Question

find the inverse of each function.
a. $y = \frac{x - 6}{4}$
b. $f(x) = x^2 + 9$
c. $f(x) = \sqrt{x - 3}$

Explanation:

Part a: \( y = \frac{x - 6}{4} \)

Step 1: Swap \( x \) and \( y \)

To find the inverse, we first interchange \( x \) and \( y \) in the equation. So we get:
\( x=\frac{y - 6}{4} \)

Step 2: Solve for \( y \)

Multiply both sides of the equation by \( 4 \) to get rid of the denominator on the right - hand side:
\( 4x=y - 6 \)
Then, add \( 6 \) to both sides of the equation to solve for \( y \):
\( y = 4x+6 \)
The inverse function is \( f^{-1}(x)=4x + 6 \)
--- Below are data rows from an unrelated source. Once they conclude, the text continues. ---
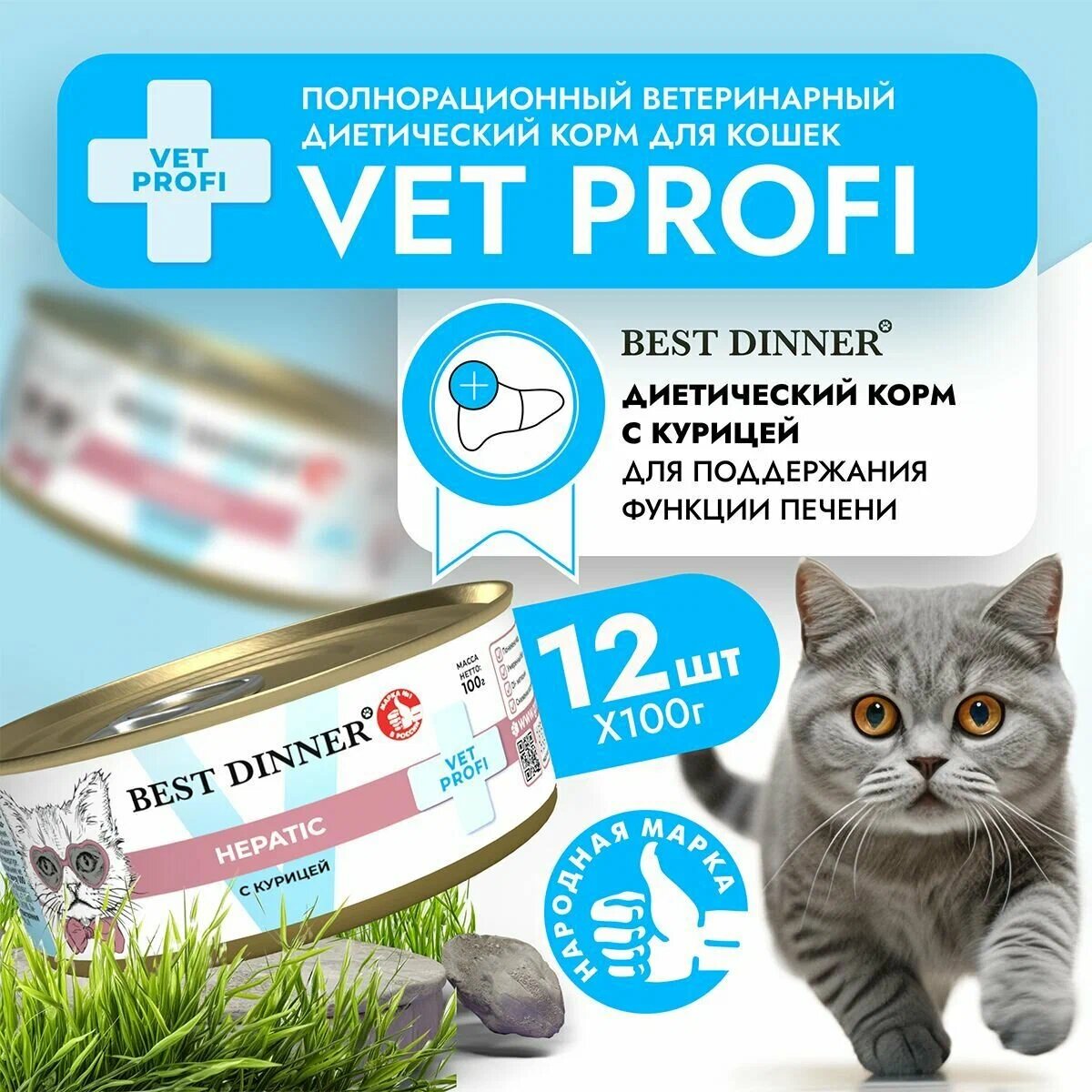 Влажный корм для кошек Best Dinner (Бест Диннер) Vet Profi Hepatic, для поддержания функции печени, паштет с курицей, 12шт по 100гр: сравнение цен, характеристики, фото, актуальное наличие и цены.
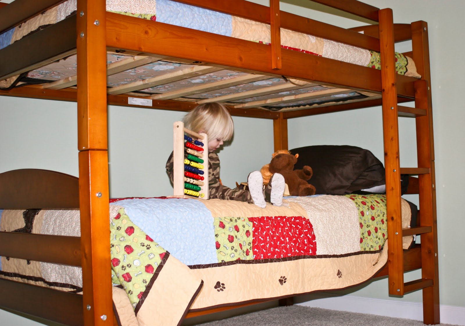 2. We also got Jeremy a bunkbed set when he was 4 years old,and that was almost 15 years ago and he still sleeps in it. Last year Kevin and I wanted to get him a full size bed a grown up bed ;-)that idea was shot down, he still wants to sleep in his bunk bed.
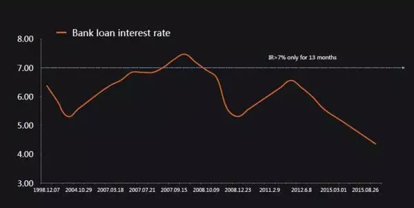 這里說起1998年到現在,中國的人民銀行給的基礎利率走勢,跟我們很多的直覺相反,我們可以看到在高增長的經濟因素背景下,基礎利率高于7%的年份只有三個月,大部分年份中國的利率在6%上下波動,什么意思呢?
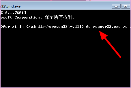 3、然后在弹出来的窗口中点击输入“for %1 in (%windir%\system32\*.dll) do regsvr32.exe /s %1”,回车确定。
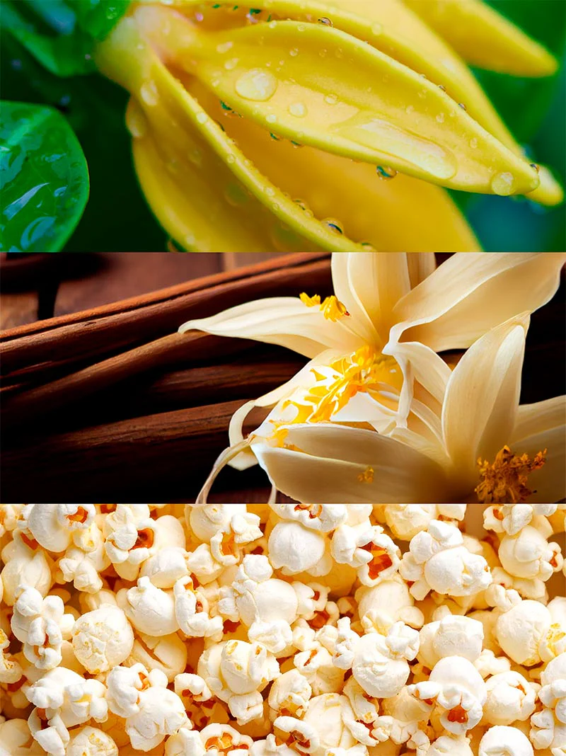 Już od pierwszych chwil wyczuwalny jest ylang-ylang, który wnosi egzotyczny, kremowy i kobiecy akcent. W sercu zapachu rozwija się wanilia, nadająca kompozycji ciepła, słodyczy i otulającej zmysłowości. Bazę stanowi popcorn, który dodaje całości oryginalnego, lekko karmelowego i uzależniającego charakteru.

Part b: \( f(x)=x^{2}+9 \)

Step 1: Replace \( f(x) \) with \( y \)

We have \( y=x^{2}+9 \)

Step 2: Swap \( x \) and \( y \)

Interchanging \( x \) and \( y \), we obtain \( x=y^{2}+9 \)

Step 3: Solve for \( y \)

Subtract \( 9 \) from both sides:
\( x - 9=y^{2} \)
Take the square root of both sides. Since the original function \( y = x^{2}+9 \) is not one - to - one (it fails the horizontal line test, for example, \( f(1)=1 + 9=10 \) and \( f(- 1)=1 + 9 = 10\)), the inverse is not a function unless we restrict the domain of the original function. If we consider the domain of \( f(x)=x^{2}+9 \) as \( x\geq0 \), then \( y=\sqrt{x - 9} \); if we consider the domain as \( x\leq0 \), then \( y=-\sqrt{x - 9} \). In general, the relation inverse to \( y=x^{2}+9 \) is \( y=\pm\sqrt{x - 9} \), but if we assume the function is defined for \( x\geq0 \) (to make it one - to - one), the inverse function is \( f^{-1}(x)=\sqrt{x - 9},x\geq9 \)
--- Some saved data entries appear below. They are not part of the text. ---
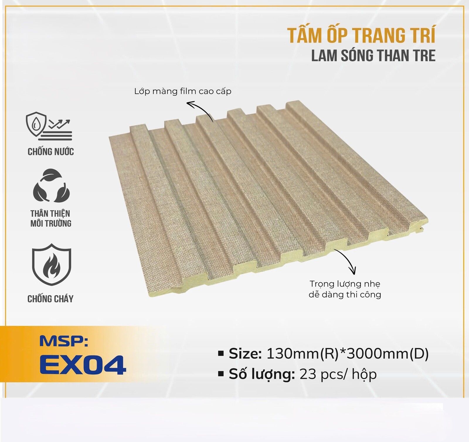 GIỚI THIỆU VỀ DÒNG VẬT LIỆU TẤM ỐP SỢI THAN TRE EW LAM SÓNG
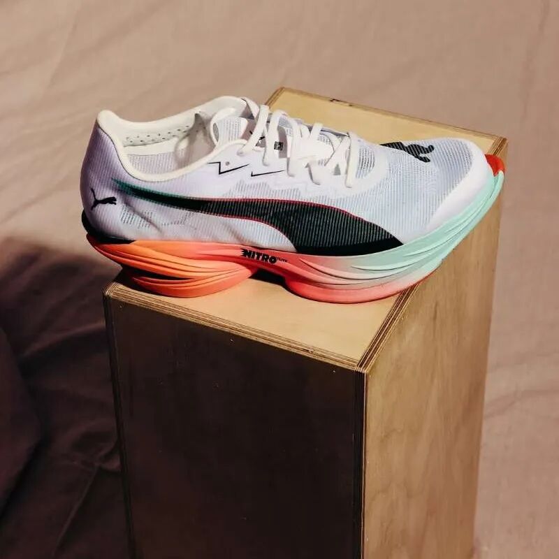 在波马赛道上首次登场的Fast-R 3,是PUMA跑步家族的最新顶级鞋款。在延续前代分离式鞋底设计的基础上,性能再度全方位提升。单只鞋减重达95g,男款42码仅重170g,是PUMA史上最轻的马拉松竞速鞋款。
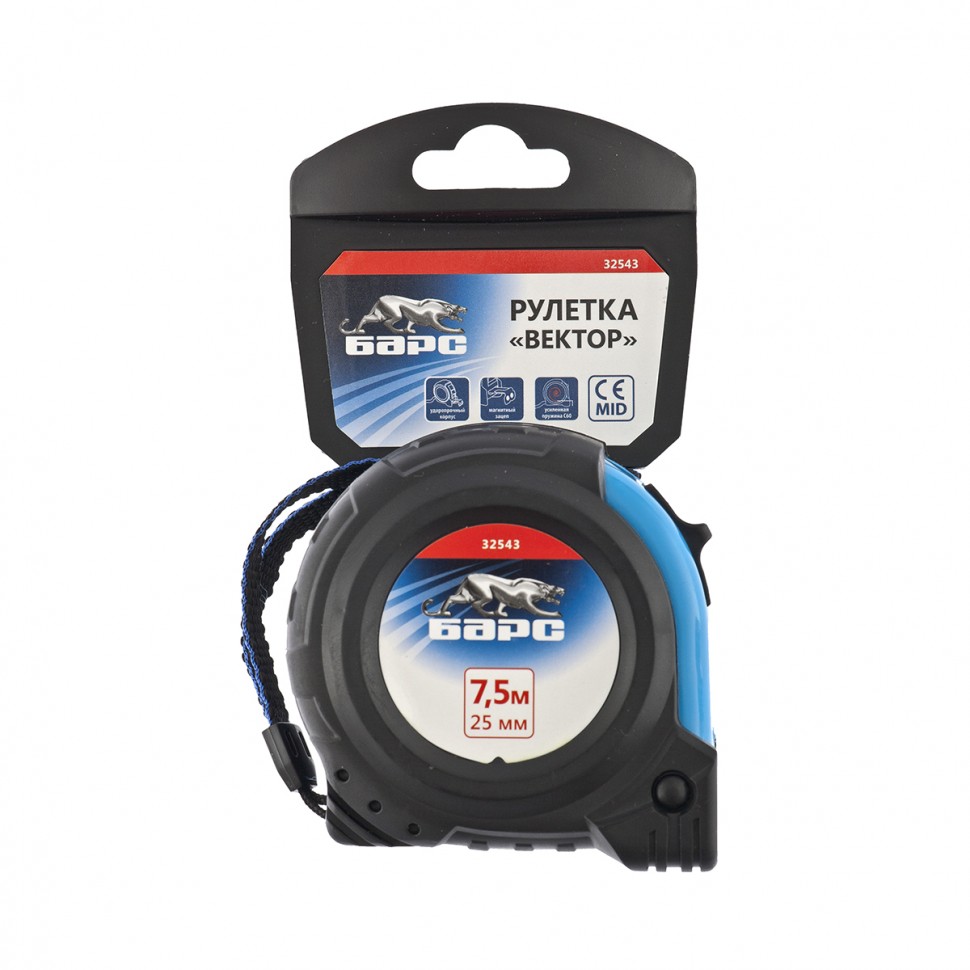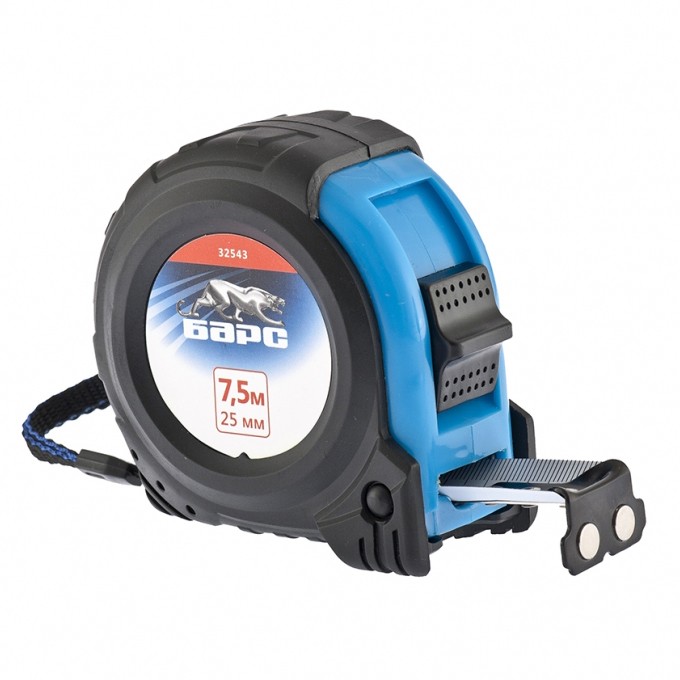 Рулетка Вектор 7,5 м х 25 мм, утолщенное полотно, магнитный зацеп, обрезиненный корпус Барс

Part c: \( f(x)=\sqrt{x - 3} \)

Step 1: Replace \( f(x) \) with \( y \)

We have \( y = \sqrt{x - 3} \)

Step 2: Swap \( x \) and \( y \)

Interchanging \( x \) and \( y \), we get \( x=\sqrt{y - 3} \)

Step 3: Solve for \( y \)

Square both sides of the equation to eliminate the square root:
\( x^{2}=y - 3 \)
Then, add \( 3 \) to both sides of the equation to solve for \( y \):
\( y=x^{2}+3 \)
We need to consider the domain of the original function. The domain of \( f(x)=\sqrt{x - 3} \) is \( x\geq3 \), and the range is \( y\geq0 \). For the inverse function, the domain will be \( x\geq0 \) and the range will be \( y\geq3 \). So the inverse function is \( f^{-1}(x)=x^{2}+3,x\geq0 \)

Answer:

s:
a. The inverse function is \( \boldsymbol{f^{-1}(x)=4x + 6} \)

b. If the domain of \( f(x)=x^{2}+9 \) is restricted to \( x\geq0 \), the inverse function is \( \boldsymbol{f^{-1}(x)=\sqrt{x - 9},x\geq9} \); if the domain is restricted to \( x\leq0 \), the inverse function is \( \boldsymbol{f^{-1}(x)=-\sqrt{x - 9},x\geq9} \). In general, the relation inverse to \( y = x^{2}+9 \) is \( \boldsymbol{y=\pm\sqrt{x - 9}} \)

c. The inverse function (with the appropriate domain restriction \( x\geq0 \)) is \( \boldsymbol{f^{-1}(x)=x^{2}+3,x\geq0} \)